◆ AIM OF THE EXERCISE
Using the data below, transcribe exactly everything from the line that contains "Classic Genuine Leather" down to the line that contains "Chapter 1 —". Include both of those lines and none of the pictures.
*** Opening RECORDS SUPPLIED ***
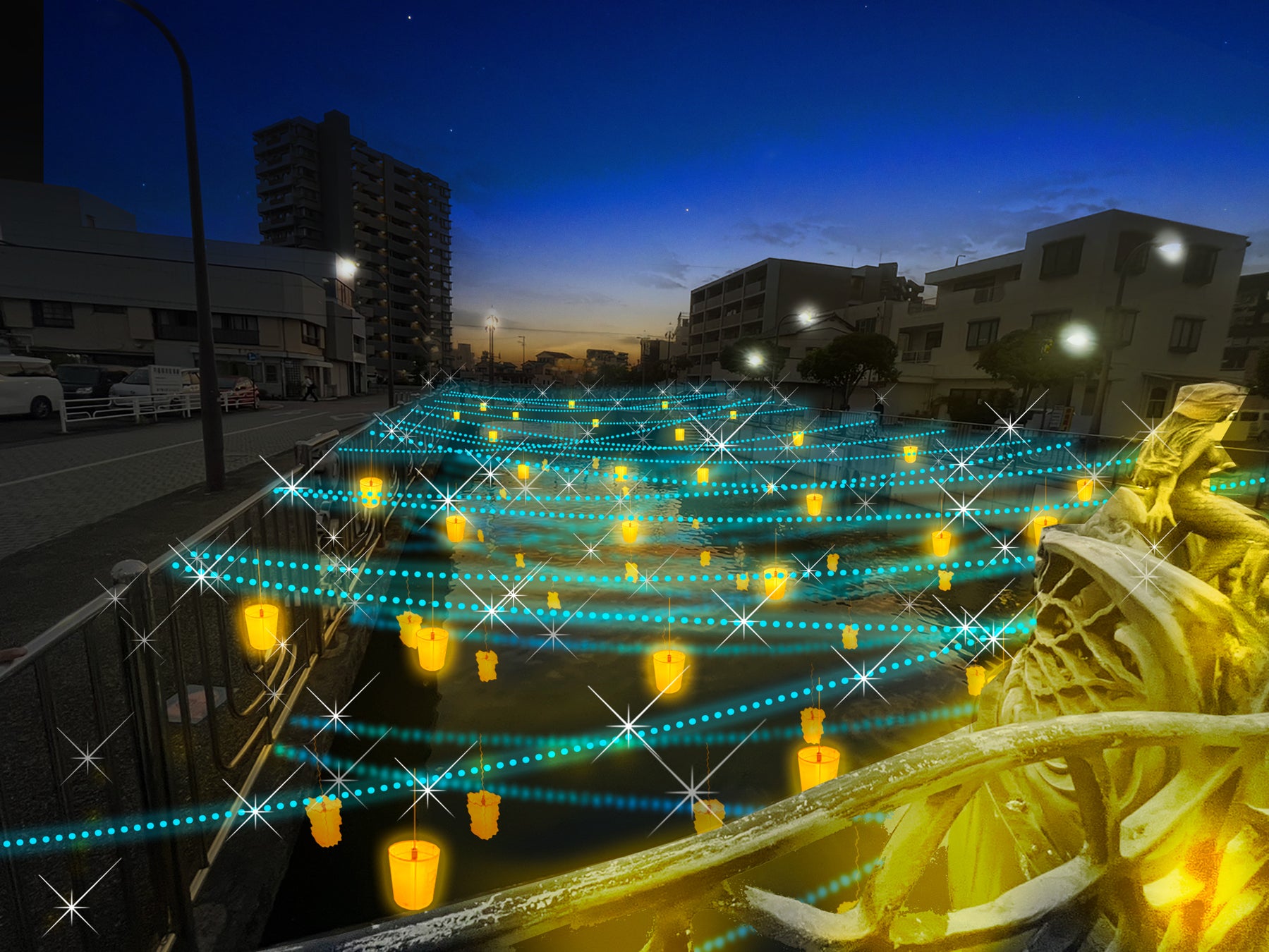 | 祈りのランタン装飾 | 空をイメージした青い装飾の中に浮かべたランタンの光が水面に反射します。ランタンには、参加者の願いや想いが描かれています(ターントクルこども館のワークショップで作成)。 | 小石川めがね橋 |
*** Closing RECORDS SUPPLIED ***
*** Opening RECORDS SUPPLIED ***
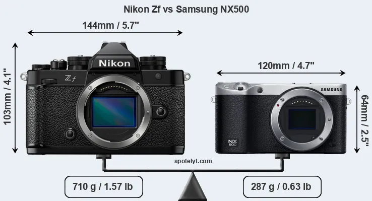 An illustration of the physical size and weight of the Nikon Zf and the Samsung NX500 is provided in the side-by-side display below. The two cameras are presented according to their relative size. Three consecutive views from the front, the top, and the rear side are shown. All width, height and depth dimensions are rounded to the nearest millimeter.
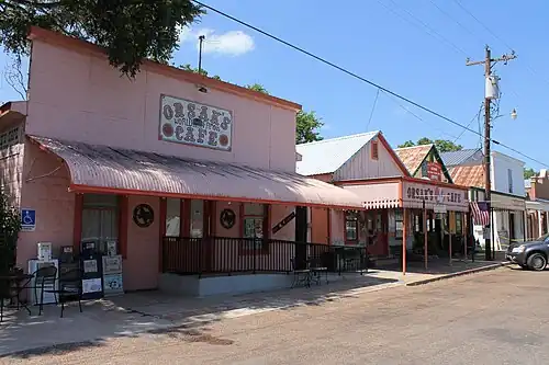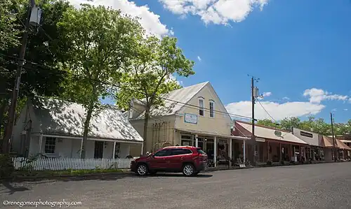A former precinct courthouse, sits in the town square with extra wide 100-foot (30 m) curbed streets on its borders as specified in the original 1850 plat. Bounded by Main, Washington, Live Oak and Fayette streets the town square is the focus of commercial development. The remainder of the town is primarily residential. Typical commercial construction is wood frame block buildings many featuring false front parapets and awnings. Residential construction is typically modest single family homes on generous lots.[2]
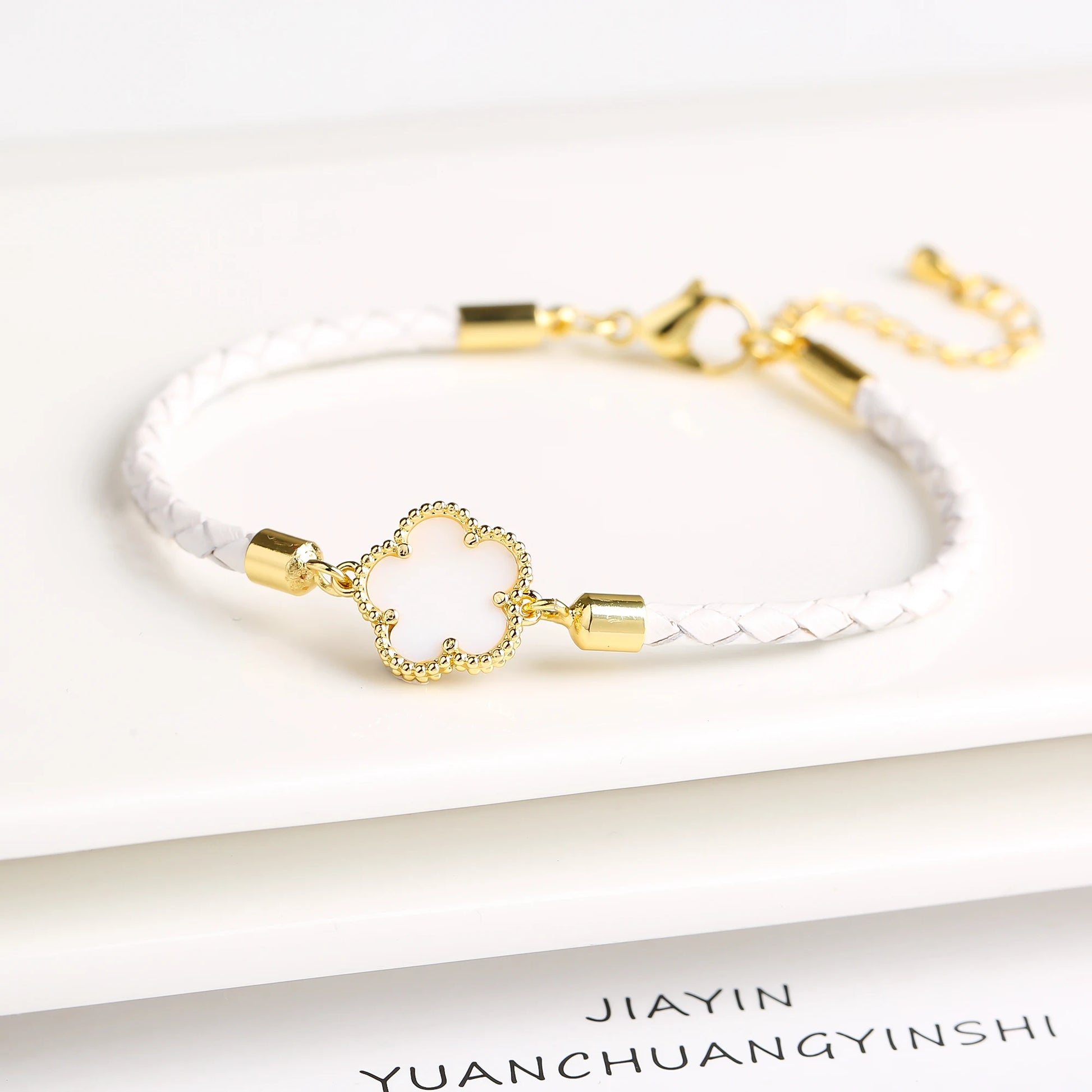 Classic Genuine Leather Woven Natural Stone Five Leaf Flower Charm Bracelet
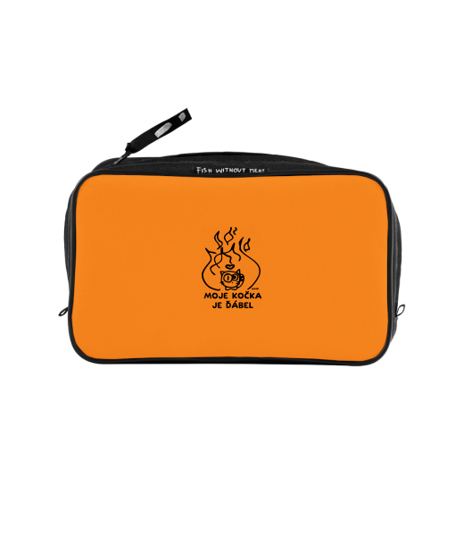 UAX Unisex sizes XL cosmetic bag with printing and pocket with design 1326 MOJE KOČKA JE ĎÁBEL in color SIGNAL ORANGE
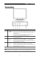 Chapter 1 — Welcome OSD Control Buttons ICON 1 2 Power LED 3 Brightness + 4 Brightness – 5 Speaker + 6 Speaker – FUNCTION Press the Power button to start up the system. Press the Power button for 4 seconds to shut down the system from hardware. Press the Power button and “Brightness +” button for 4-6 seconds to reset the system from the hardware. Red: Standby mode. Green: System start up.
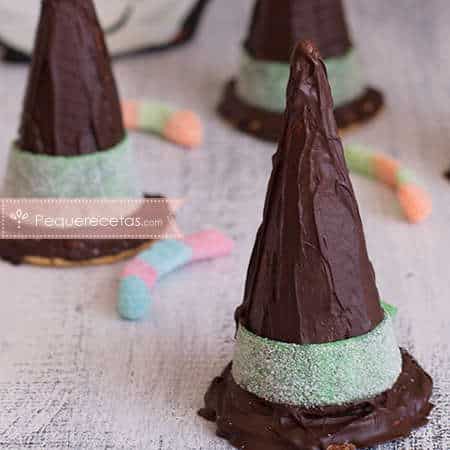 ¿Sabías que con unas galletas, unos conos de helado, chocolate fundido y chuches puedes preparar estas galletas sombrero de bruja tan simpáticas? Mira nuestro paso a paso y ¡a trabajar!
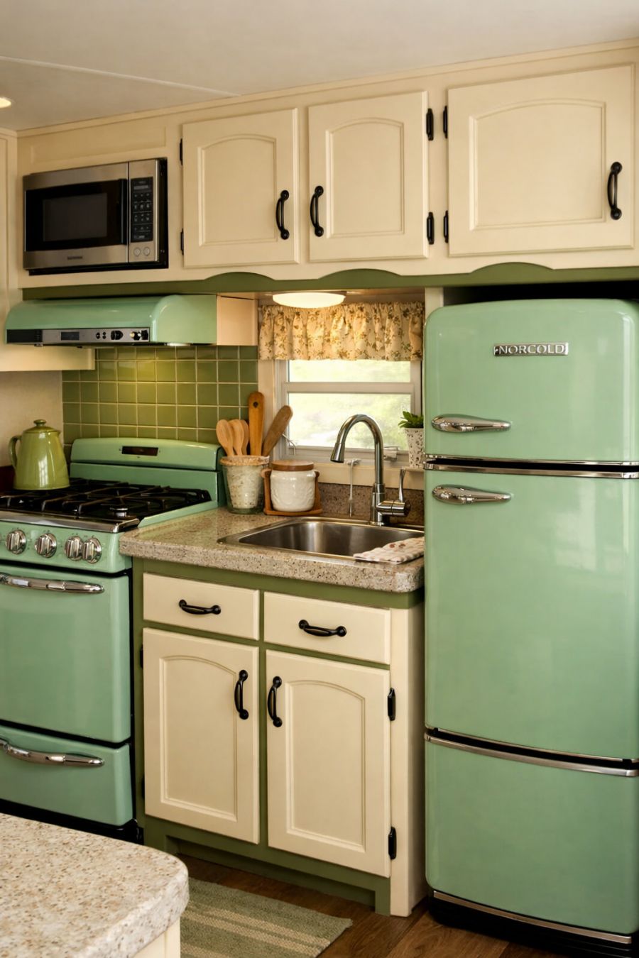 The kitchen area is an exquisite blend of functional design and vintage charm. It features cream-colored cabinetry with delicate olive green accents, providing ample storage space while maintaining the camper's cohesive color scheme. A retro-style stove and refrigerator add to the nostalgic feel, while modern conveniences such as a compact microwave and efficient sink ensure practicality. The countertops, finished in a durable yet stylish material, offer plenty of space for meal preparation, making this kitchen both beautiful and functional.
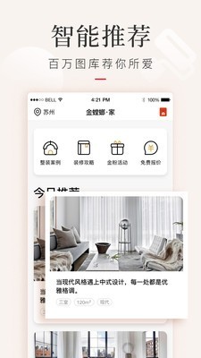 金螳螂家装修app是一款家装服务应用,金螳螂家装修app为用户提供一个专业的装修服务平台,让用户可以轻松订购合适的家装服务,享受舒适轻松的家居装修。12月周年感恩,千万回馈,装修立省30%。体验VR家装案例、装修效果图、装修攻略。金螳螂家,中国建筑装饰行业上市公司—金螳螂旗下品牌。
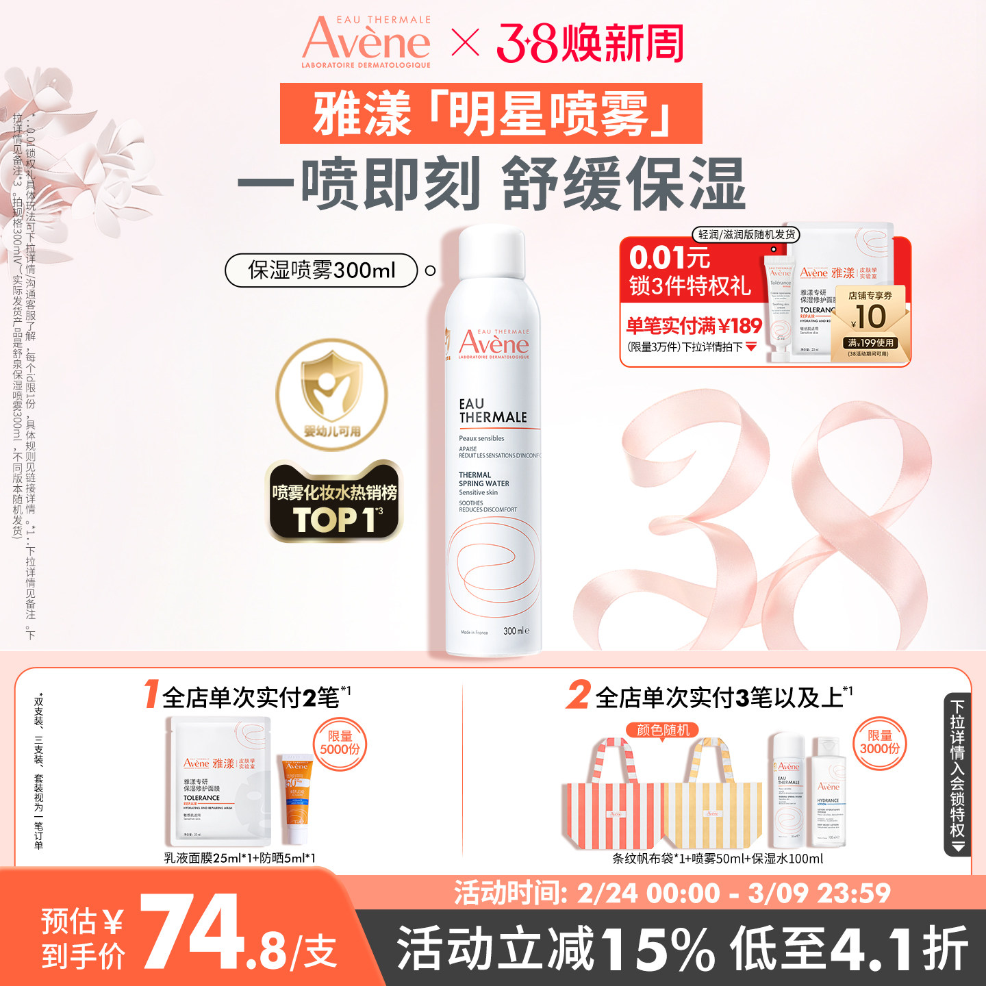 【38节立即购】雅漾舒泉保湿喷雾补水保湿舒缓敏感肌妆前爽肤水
*** Closing RECORDS SUPPLIED ***
◆ WRITTEN ANSWER
 Classic Genuine Leather Woven Natural Stone Five Leaf Flower Charm Bracelet
 UAX Unisex sizes XL cosmetic bag with printing and pocket with design 1326 MOJE KOČKA JE ĎÁBEL in color SIGNAL ORANGE
 Chapter 1 — Welcome OSD Control Buttons ICON 1 2 Power LED 3 Brightness + 4 Brightness – 5 Speaker + 6 Speaker – FUNCTION Press the Power button to start up the system. Press the Power button for 4 seconds to shut down the system from hardware. Press the Power button and “Brightness +” button for 4-6 seconds to reset the system from the hardware. Red: Standby mode. Green: System start up.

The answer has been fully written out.